Should an entry contain an image, leave the image out and repeat the entry's text exactly.

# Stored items
_ _ _

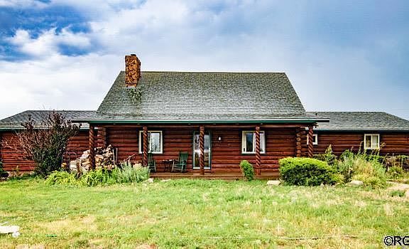BEAUTIFUL CUSTOM LOG HOME ON 61 ACRES WITH HUGE VIEWS OF THE WET MOUNTAINS AND PIKES PEAK! Split floor plan features Open Great Room concept and Vaulted Ceilings with Stunning Log Beams. New Kitchen with Clean, White Cabinetry and Massive Island Range. Large Master Bedroom with 5pc En-Suite Bath, plus two more Large Bedrooms on the other side of the house, each with their own Full Bath. Take the stairs up to the Rec Room Loft with it's own Half Bath, Wet Bar, and Separate Office! Top of the Line Lamorite Roof that is resistant to hail and weather damage. Logs and decks have been freshly sanded and stained. Tons of space in the outbuildings with a Quonset Hut/Workshop with cement floor and Detached 2 car Garage/Shop. Property is Fenced and Cross-Fenced... couple that with a Great Well, and this property is perfect for horses and cattle! Not to mention CLOSE TO TOWN! Don't miss this one of a kind home! Seller will repair/refinish hardwood floors prior to buyer possession.
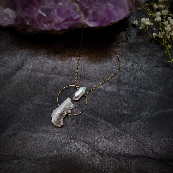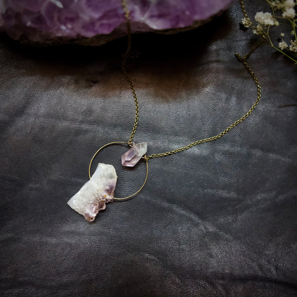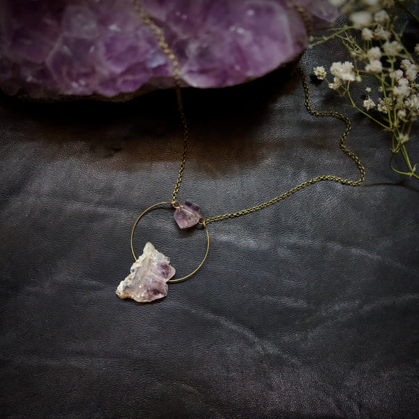 Duel power! Amethyst ignites intuitive fire while Ametrine cuts through confusion with razor-sharp clarity. Wear it boldly at your heart and embody the force of someone who trusts their gut and thinks with precision.
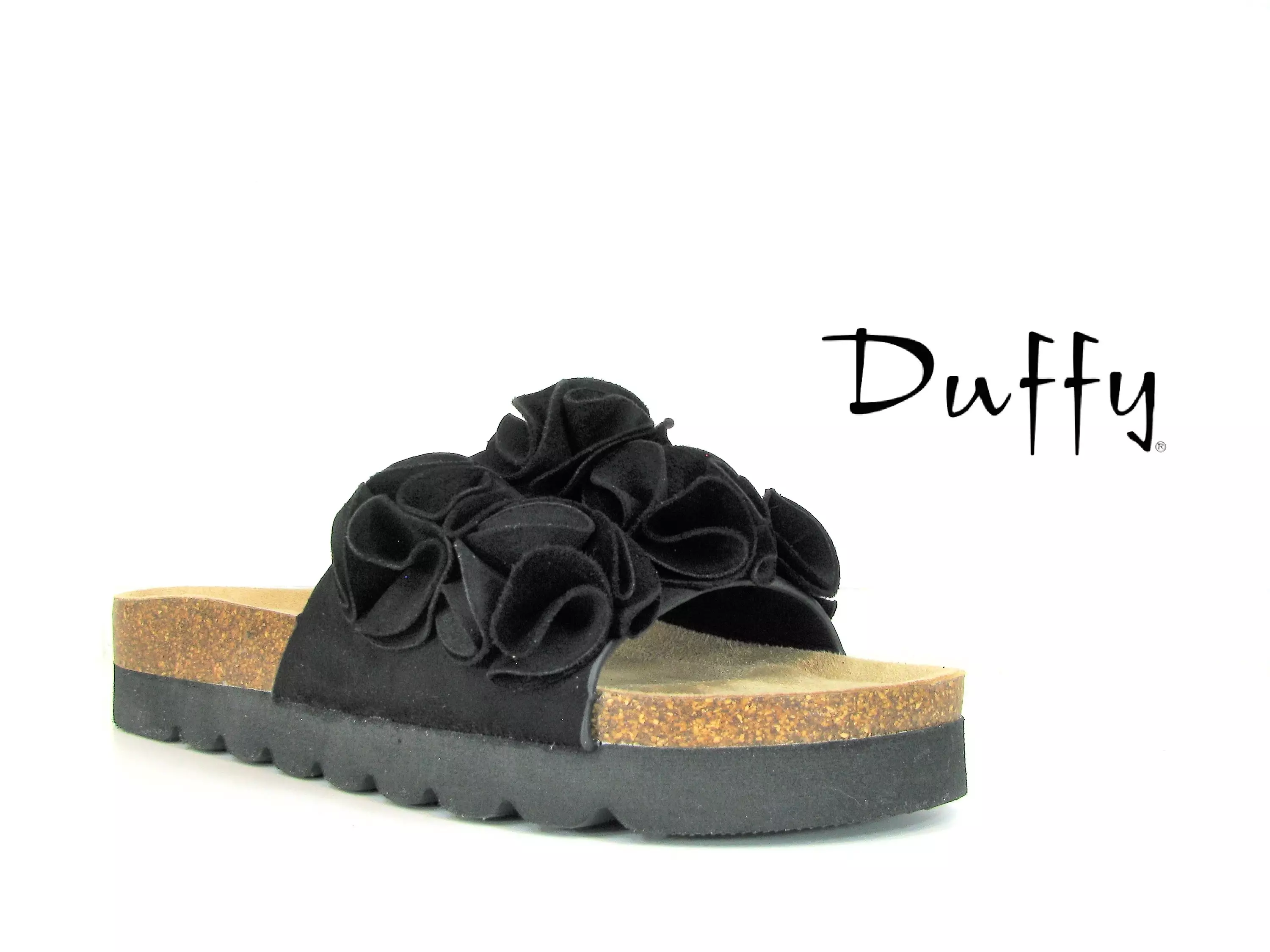 Duffyn paksupohjaiset pistokkaat. Jalkapöydän päällä leveä tekstiiliremmi, jota koristaa kauniit tektiiliset ruusukkeet. Tekstiilipintainen pohjallinen on kevyesti muotoiltu sekä hyvin pehmustettu. Erityisesti pehmustukseen on kiinnitetty huomiota kantapään kohdalla. Ulkopohjan korkeus on n. 4cm (pelkkä alaosa n. 2cm.)
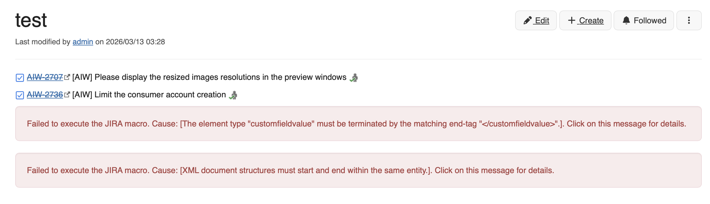 Failed to execute the JIRA macro. Cause: [The element type “customfieldvalue” must be terminated by the matching end-tag “”.]. Click on this message for details.
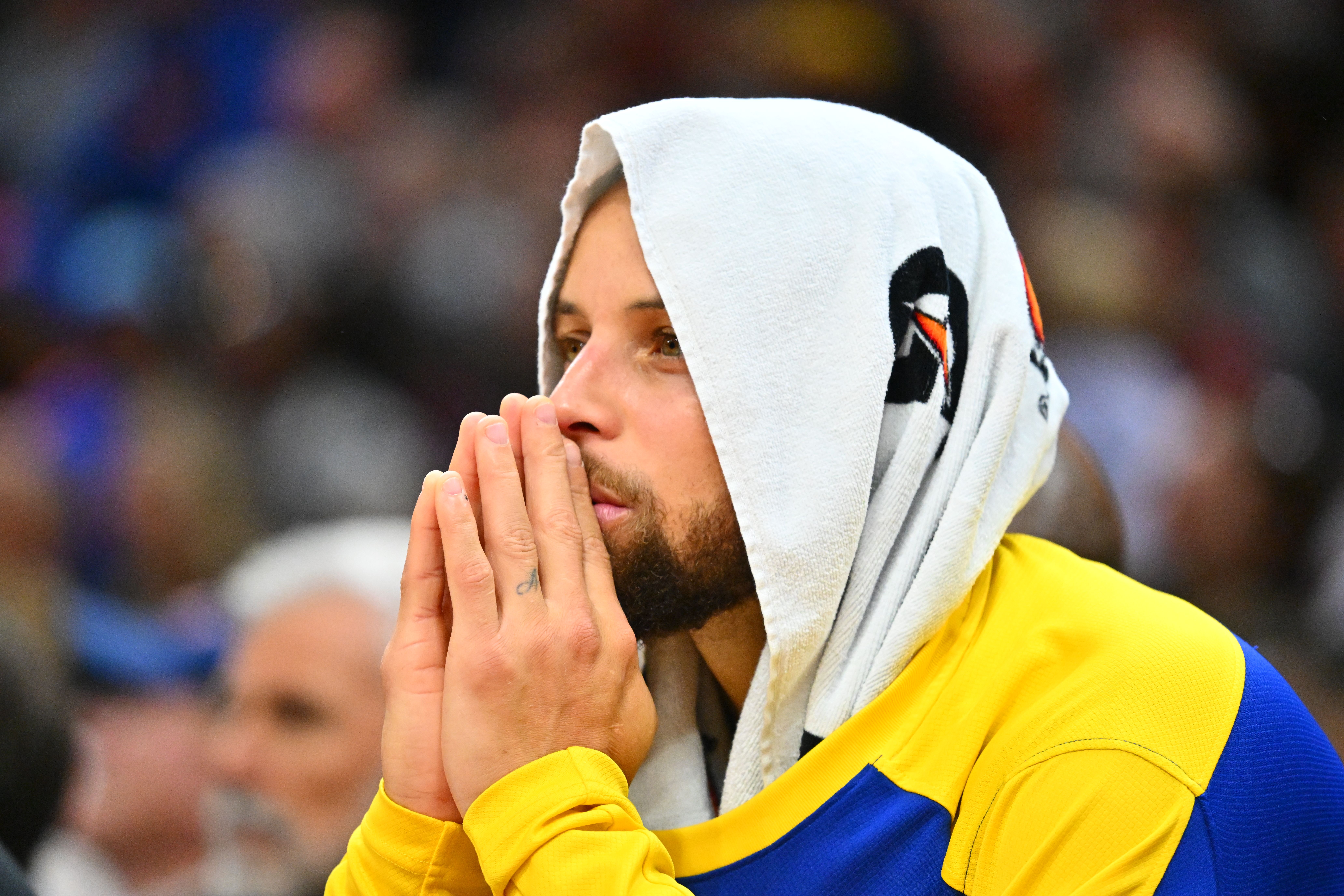 Getty Stephen Curry #30 de los Golden State Warriors se limpia la cara al final de la segunda mitad de su derrota ante los Sacramento Kings durante el Play-In Tournament en el Golden 1 Center el 16 de abril de 2024 en Sacramento, California.

_ _ _

# Exercise solution
BEAUTIFUL CUSTOM LOG HOME ON 61 ACRES WITH HUGE VIEWS OF THE WET MOUNTAINS AND PIKES PEAK! Split floor plan features Open Great Room concept and Vaulted Ceilings with Stunning Log Beams. New Kitchen with Clean, White Cabinetry and Massive Island Range. Large Master Bedroom with 5pc En-Suite Bath, plus two more Large Bedrooms on the other side of the house, each with their own Full Bath. Take the stairs up to the Rec Room Loft with it's own Half Bath, Wet Bar, and Separate Office! Top of the Line Lamorite Roof that is resistant to hail and weather damage. Logs and decks have been freshly sanded and stained. Tons of space in the outbuildings with a Quonset Hut/Workshop with cement floor and Detached 2 car Garage/Shop. Property is Fenced and Cross-Fenced... couple that with a Great Well, and this property is perfect for horses and cattle! Not to mention CLOSE TO TOWN! Don't miss this one of a kind home! Seller will repair/refinish hardwood floors prior to buyer possession.
 Duel power! Amethyst ignites intuitive fire while Ametrine cuts through confusion with razor-sharp clarity. Wear it boldly at your heart and embody the force of someone who trusts their gut and thinks with precision.
 Duffyn paksupohjaiset pistokkaat. Jalkapöydän päällä leveä tekstiiliremmi, jota koristaa kauniit tektiiliset ruusukkeet. Tekstiilipintainen pohjallinen on kevyesti muotoiltu sekä hyvin pehmustettu. Erityisesti pehmustukseen on kiinnitetty huomiota kantapään kohdalla. Ulkopohjan korkeus on n. 4cm (pelkkä alaosa n. 2cm.)
 Failed to execute the JIRA macro. Cause: [The element type “customfieldvalue” must be terminated by the matching end-tag “”.]. Click on this message for details.
 Getty Stephen Curry #30 de los Golden State Warriors se limpia la cara al final de la segunda mitad de su derrota ante los Sacramento Kings durante el Play-In Tournament en el Golden 1 Center el 16 de abril de 2024 en Sacramento, California.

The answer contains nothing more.